» Activity:
Please write out only the lines from the line with "funny cat flying." to the line with "Graças a este", inclusive, exactly as they stand below, without the pictures.

» Data supplied:
..........

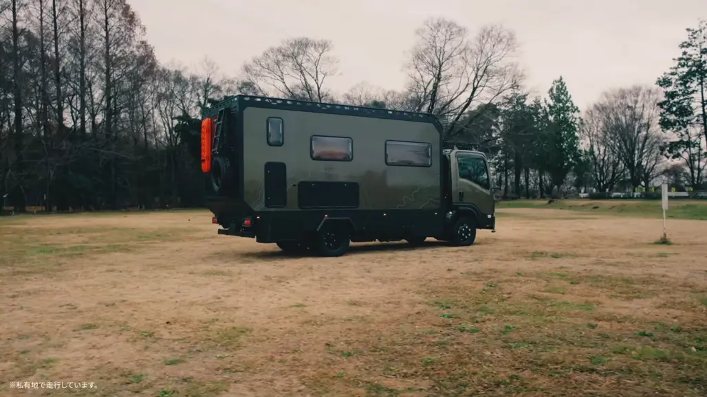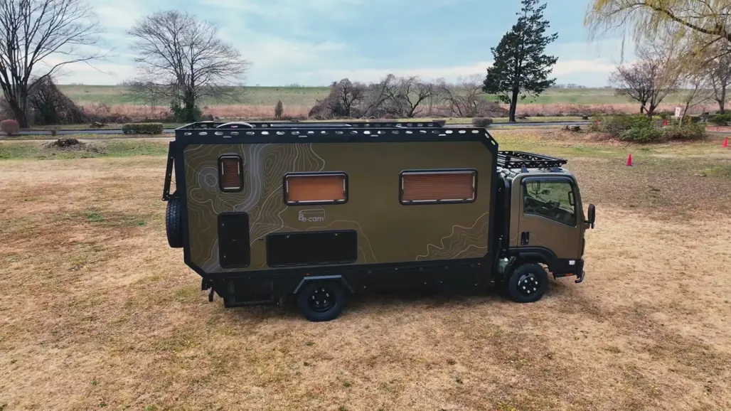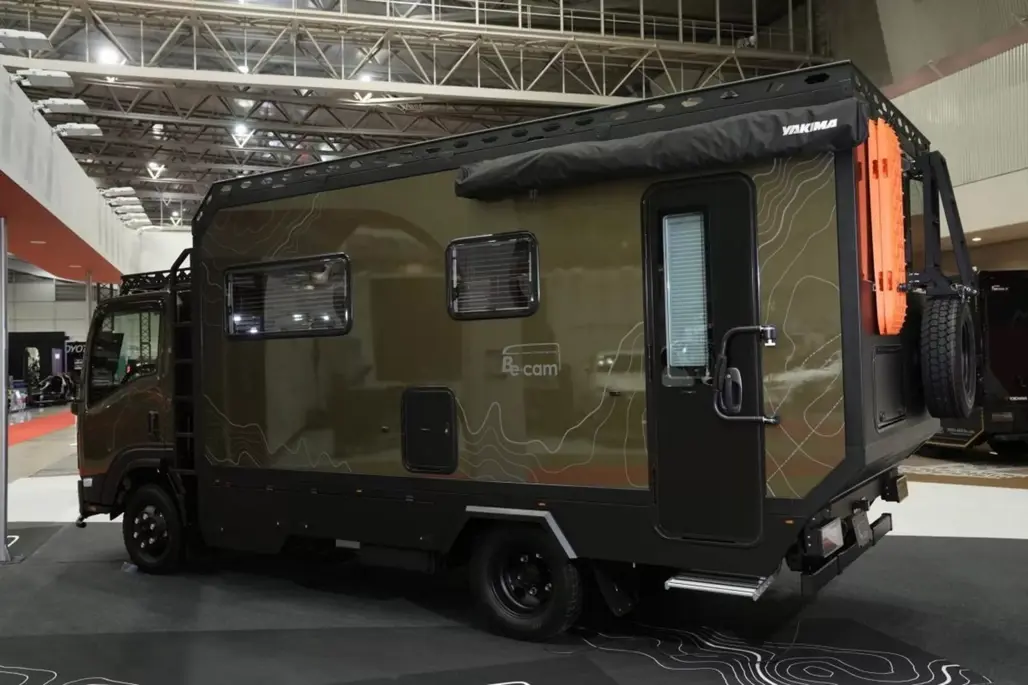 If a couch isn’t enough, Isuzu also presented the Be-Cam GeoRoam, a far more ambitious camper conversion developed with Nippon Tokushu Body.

..........

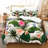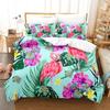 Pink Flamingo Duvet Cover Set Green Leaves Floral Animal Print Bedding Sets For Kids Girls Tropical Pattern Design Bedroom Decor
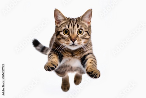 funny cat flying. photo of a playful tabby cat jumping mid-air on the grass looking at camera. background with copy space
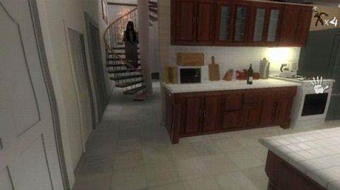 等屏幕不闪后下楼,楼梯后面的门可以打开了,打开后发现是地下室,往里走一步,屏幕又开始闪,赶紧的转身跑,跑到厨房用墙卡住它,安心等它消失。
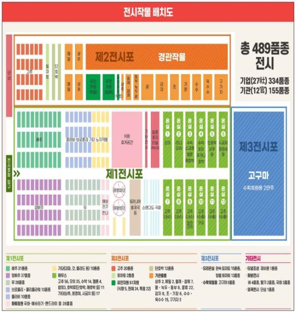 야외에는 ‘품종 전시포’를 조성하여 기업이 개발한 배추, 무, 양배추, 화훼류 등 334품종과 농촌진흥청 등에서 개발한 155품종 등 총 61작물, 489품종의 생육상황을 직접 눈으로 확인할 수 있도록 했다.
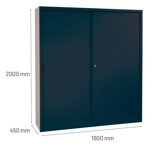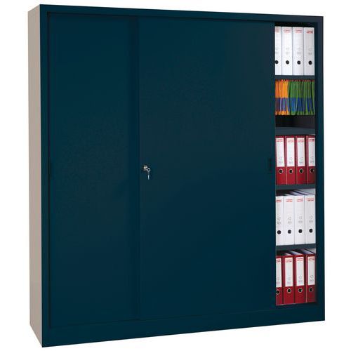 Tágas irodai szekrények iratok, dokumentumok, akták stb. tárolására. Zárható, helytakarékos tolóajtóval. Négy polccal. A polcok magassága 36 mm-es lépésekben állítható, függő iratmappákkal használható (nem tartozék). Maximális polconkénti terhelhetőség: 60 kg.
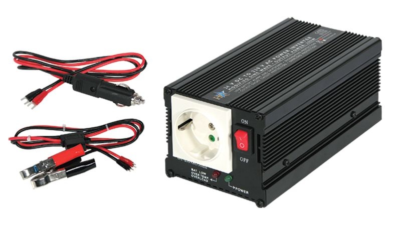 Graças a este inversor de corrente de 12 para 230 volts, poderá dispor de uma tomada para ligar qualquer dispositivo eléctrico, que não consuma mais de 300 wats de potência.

..........

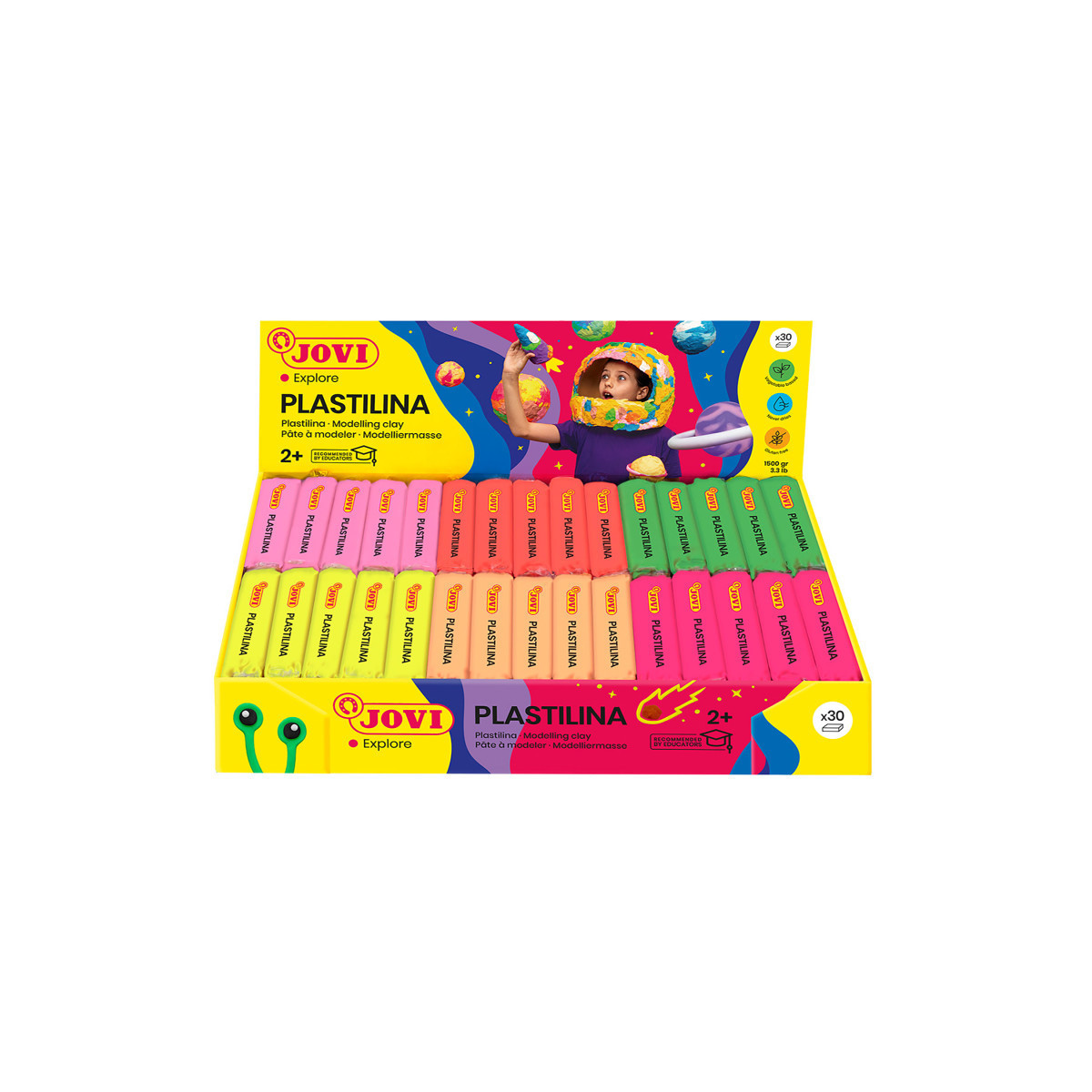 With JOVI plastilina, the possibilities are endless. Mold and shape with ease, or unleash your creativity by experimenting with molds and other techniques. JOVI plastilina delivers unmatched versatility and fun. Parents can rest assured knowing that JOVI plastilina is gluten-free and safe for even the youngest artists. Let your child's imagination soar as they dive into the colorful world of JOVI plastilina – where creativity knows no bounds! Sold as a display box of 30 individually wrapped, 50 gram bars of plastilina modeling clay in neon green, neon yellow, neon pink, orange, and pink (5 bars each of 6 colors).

..........

» Solution to the problem:
 funny cat flying. photo of a playful tabby cat jumping mid-air on the grass looking at camera. background with copy space
 等屏幕不闪后下楼,楼梯后面的门可以打开了,打开后发现是地下室,往里走一步,屏幕又开始闪,赶紧的转身跑,跑到厨房用墙卡住它,安心等它消失。
 야외에는 ‘품종 전시포’를 조성하여 기업이 개발한 배추, 무, 양배추, 화훼류 등 334품종과 농촌진흥청 등에서 개발한 155품종 등 총 61작물, 489품종의 생육상황을 직접 눈으로 확인할 수 있도록 했다.
 Tágas irodai szekrények iratok, dokumentumok, akták stb. tárolására. Zárható, helytakarékos tolóajtóval. Négy polccal. A polcok magassága 36 mm-es lépésekben állítható, függő iratmappákkal használható (nem tartozék). Maximális polconkénti terhelhetőség: 60 kg.
 Graças a este inversor de corrente de 12 para 230 volts, poderá dispor de uma tomada para ligar qualquer dispositivo eléctrico, que não consuma mais de 300 wats de potência.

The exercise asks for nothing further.